Onze kinderen zitten (zaten) op de bso, één middag in de week. Zeg dat je er gebruik van maakt om je te ontlasten van zorgtaken, want je doet zelf ander werk op dat moment. Als je klaar bent met werken, wil je je kinderen ophalen, en dan klaar, basta, naar huis, koffie drinken, eten, kinderen naar bed.

Maar óók met de bso heb je een app, waar de hele tijd berichten in gedeeld worden, als: wil je eierdozen meegeven voor een werkje, we gaan oefenen met de musical en wil je thuis liedjes oefenen, het is dag van de kinderleidster en wil je een attentie voor de bso-juf maken, je bent uitgenodigd voor de musical in december, op een dinsdag, overdag. Enzovoort Enzovoort.

Ook vanuit de basisschool heb je een app, met dagelijks extra taken voor de ouder: wil je een schoen meegeven, wil je rijden maandagmiddag om half 3 naar de bibliotheek, kom kijken op de kijkmiddag donderdagmiddag kwart voor 3, je mag kind verkleed, vergeet de boekentas niet, geef een plastic tas mee, we sparen voor Americaspullen voor het thema. Enzovoort enzovoort.

Dan heb je nog sport, met appgroepen. Haal een bal op, verkoop lootjes. Kom kijken naar de wedstrijd, enzovoort enzovoort.
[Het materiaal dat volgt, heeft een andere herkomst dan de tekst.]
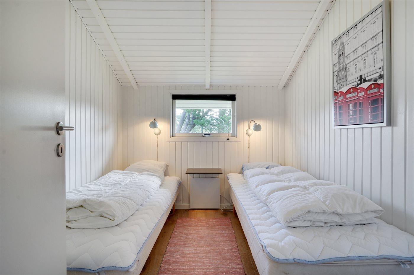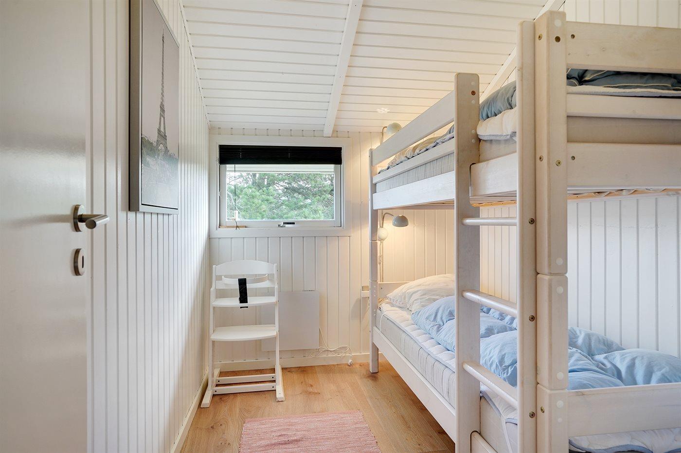 Die Schlafplätze verteilen sich auf 3 Schlafräume. 2 Schlafplätze in einem Doppelbett. 2 Schlafplätze in Einzelbetten. 2 Schlafplätze in einem Etagenbett. Ferner steht ein Kinderbett zur Verfügung.

Bij alles wat je kinderen doen, komen er taken en opdrachten voor de ouders bij. Ook ik heb geen tijd meer om te werken, omdat ik alleen maar bezig ben met taken uit te voeren voor de bezigheden van de kinderen.

Ik weet niet of de jongere generaties onder mij ook op dezelfde manier maar dan anders met zulke dingen te maken hebben, maar als dat zo is, zal ik mijn besmuikte lachjes terugnemen.

Zondagsrust

Wat ben ik toch blij met een afgebakende dag in de week waarop er niets gedaan hoeft te worden waar ik niet zelf voor kies.

Wat heerlijk dat we op zondag nee kunnen zeggen tegen alle ‘leuke’ initiatieven, uitjes en activiteiten.

Het is goed om elke zondag weer in de kerk te zitten, jezelf even aan de kant te zetten, en je te richten op iets buiten jezelf en de wereld.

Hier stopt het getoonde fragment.